For integer values Wolfram Alpha gave me solutions to the integral in the form on the right hand side, so I guessed the form.

It appears to break down when $n$ is less than around $-\frac12$. $\zeta(s,a)$ and $\zeta(s)$ are the Hurwitz zeta and Riemann zeta functions. $H_n$ are the harmonic numbers.

How can we prove it?


Additional info

In order to obtain the closed form for integer $n$, in Wolfram Alpha, we can first rewrite it in terms of the Polygamma function.

First change the zeta function to Bernoulli Polynomials for easier manipulation.

$$\begin{align} &\frac{1}{\left(n-1\right)!}\int_{0}^{1}\zeta\left(1-n,1-t\right)\ln\Gamma\left(t\right)dt \\=& \ -\frac{1}{n!}\int_{0}^{1}B_n\left(1-t\right)\ln\Gamma\left(t\right)dt \\=& \ \frac{1}{n!}\int_{0}^{1}n\left(1-t\right)^{n-1}\ln\Gamma\left(t\right)dt-\frac{1}{n!}\int_{0}^{1}B_n\left(2-t\right)\ln\Gamma\left(t\right)dt \end{align}$$

This result can actually be generalized a bit by introducing the variable $a$.

$$\begin{align} &\frac{1}{n!}\int_{0}^{a}n\left(a-t\right)^{n-1}\ln\Gamma\left(t\right)dt-\frac{1}{n!}\int_{0}^{1}B_n\left(a+1-t\right)\ln\Gamma\left(t\right)dt \\=& \ \psi^{(-n-1)}\left(a\right)-\frac{1}{n!}\int_{0}^{1}B_n\left(a+1-t\right)\ln\Gamma\left(t\right)dt \end{align}$$

where $\psi^{(s)}(a)$ is the polygamma function. Here we are using this definition for negative order. Next we can utilize the definition of the bernoulli polynomials to obtain.
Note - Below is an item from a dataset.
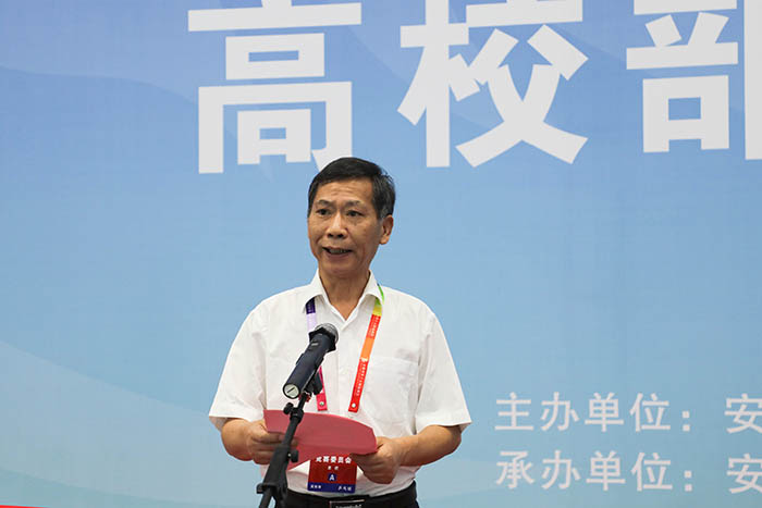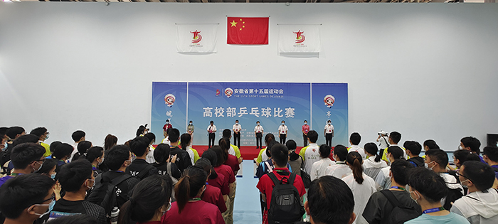 蒋德勤在致辞中代表星空体育·「中国」官方网站党政领导及18000多名师生员工向莅临我校的领导、来宾及全体运动员、教练员、裁判员表示诚挚的欢迎;向省运会组委会、省委教育工委省教育厅、省体育局、滁州市委市政府和凤阳县委县政府对于本届赛事的大力支持,表示衷心的感谢;向志愿服务人员和关心支持本届赛事的社会各界人士,致以崇高敬意;他介绍了我校的改革发展和办学成果情况,他表示,学校在省运会组委会的领导下,把协办好第十五届省运会高校部乒乓球赛事作为学校的重点工作和民生工程,齐心协力营造环境氛围,精致强化服务保障,努力奉献一届保障有力、充满活力、精彩纷呈的高校部乒乓球赛事。希望各位领导和来宾对我校事业发展给予帮助和指导,共叙校际友情;希望全体参赛人员,能够展现出精湛的技能和良好的风貌,取得比赛成绩和精神文明的双丰收;希望在常态化疫情防控时期,全体参赛人员、志愿服务人员、工作人员,加强自身疫情防控,确保赛事安全。

$$\begin{align} &\psi^{(-n-1)}\left(a\right)-\frac{1}{n!}\int_{0}^{1}\sum_{k=0}^{n}\binom{n}{k}B_k\left(a\right)\left(1-t\right)^{n-k}\ln\Gamma\left(t\right)dt \\=& \ \psi^{(-n-1)}\left(a\right)-\sum_{k=0}^{n}\frac{B_k\left(a\right)}{k!}\left(\frac{1}{\left(n-k\right)!}\int_{0}^{1}\left(1-t\right)^{n-k}\ln\Gamma\left(t\right)dt\right) \\=& \ \psi^{(-n-1)}\left(a\right)-\sum_{k=0}^{n}\frac{B_k\left(a\right)}{k!}\psi^{(-n-2+k)}\left(1\right) \end{align}$$

This last form is useful for plugging into Wolfram Alpha and generating our desired form. After analyzing patterns for several integers we see it equals

$$\begin{align} &-H_n\frac{B_{n+1}\left(a\right)}{\left(n+1\right)!}+\frac{\zeta'\left(-n\right)}{n!}+\frac{1}{n!}\sum_{k=1}^{a-1}k^{n}\ln k \\=& \ \frac{H_n\zeta\left(-n,a\right)}{n!}+\frac{\zeta'\left(-n,a\right)}{n!} \end{align}$$

Multiplying by $(n-1)!$ and setting $a=1$ yields the final result.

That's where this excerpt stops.